Critique : Cinéaste encore méconnu en Occident, le vétéran Kiju Yoshida a commencé sa carrière en 1960 et a réalisé une dizaine de films, dont les sublimes Eros + Massacre (1969) et Onimaru (1988). Présenté hors compétition au Festival de Cannes 2002, Femmes en miroir offre un magnifique portrait de famille digne de Ozu, et la plus belle œuvre sur Hiroshima depuis Pluie noire (1989) de Shohei Imamura. Trois générations de femmes sont confrontées au traumatisme de la tragédie historique. Aï, une veuve âgée, dont le mari avait été irradié par la bombe et dont la fille, jeune mère à l’époque, avait disparu en 1945 ; Masako, amnésique, qui pourrait être la fille de Aï, mais n’a que le vague souvenir d’une plage où elle aurait joué, petite, avec sa mère ; Natsuki, bébé au moment des faits, est la petite-fille de Aï et peut-être l’enfant de Masako. Les trois femmes entreprennent un voyage à Hiroshima, en quête de la vérité et de leur passé. Une sobriété bergmanienne imprègne ce drame très digne, qui fuit tout pathos et chantage aux sentiments en révélant les doutes d’une nation, partagée entre le devoir de mémoire et la nécessité d’oublier. En mêlant les mémoires individuelle et collective, Yoshida montre l’universalité de la douleur et du travail de deuil. Des plans majestueux révèlent le savoir-faire et la sensibilité du réalisateur : la vieille femme se protégeant derrière son ombrelle, un miroir brisé reflétant son doux visage, ou bien encore le mouvement des vagues sur les dunes.
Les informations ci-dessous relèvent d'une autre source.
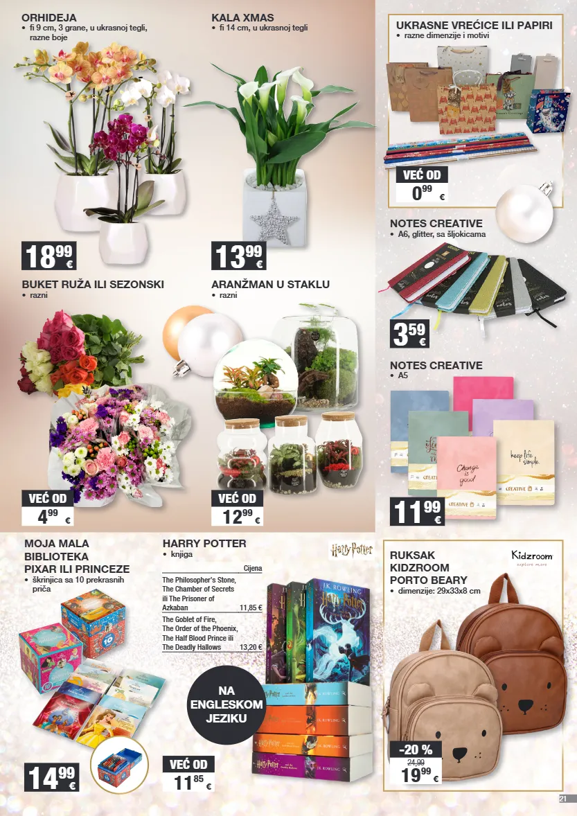 ukrasne vrećice ili papiri • razne dimenzije i motivi 0 99 € već od notes creative • a6, glitter, sa šljokicama 3 59 € 4 99 € već od buket ruža ili sezonski • razni 12 99 € već od aranžman u staklu • razni notes creative • a5 11 99 € kala xmas • fi 14 cm, u ukrasnoj tegli 13 99 € orhideja • fi 9 cm, 3 grane, u ukrasnoj tegli, razne boje 18 99 € ruksak kidzroom porto beary • dimenzije: 29x33x8 cm -20 % 19 99 24,99 € 11 85 € već od harry potter • knjiga cijena the philosopher’s stone, the chamber of secrets ili the prisoner of azkaban 11,85 € the goblet of fire, the order of the phoenix, the half blood prince ili the deadly hallows 13,20 € na engleskom jeziku moja mala biblioteka pixar ili princeze • škrinjica sa 10 prekrasnih priča 14 99 € 21

Mais le cinéaste évite les pièges de l’esthétisme, tentation qui aurait pu paraître déplacée avec un tel sujet. « Tu n’as rien vu à Hiroshima ». Si les ombres de Resnais et de Duras hantent cette œuvre magnifique, la démarche de Yoshida se veut toutefois plus classique et moins éclatée que dans Hiroshima, mon amour. Soulignons enfin le jeu des trois actrices dont Mariko Okada, grande dame du cinéma japonais, qui interprète avec finesse et délicatesse le rôle de la grand-mère.
Gérard Crespo
Coup d’œil : Film de femmes, Femmes en miroir est aussi celui d’un pays marqué par un traumatisme. « J’ai Hiroshima au fond de moi depuis plus de cinquante ans », déclarait Kiju Yoshida au Monde. « En 1995, avec le cinquantenaire de la bombe, je me suis dit que c’était le moment d’apporter ma vision du XXe siècle et, pour moi, Hiroshima était incontournable. Je me suis décidé à passer outre l’interdiction que je m’étais imposée parce que des gens étaient morts et que j’avais survécu ». Kiju Yoshida, de son vrai nom Yoshishige Yoshida (吉田 喜重), est né le 16 février 1933 à Fukui. Il fut aussi metteur en scène de théâtre et d’opéra, auteur et critique.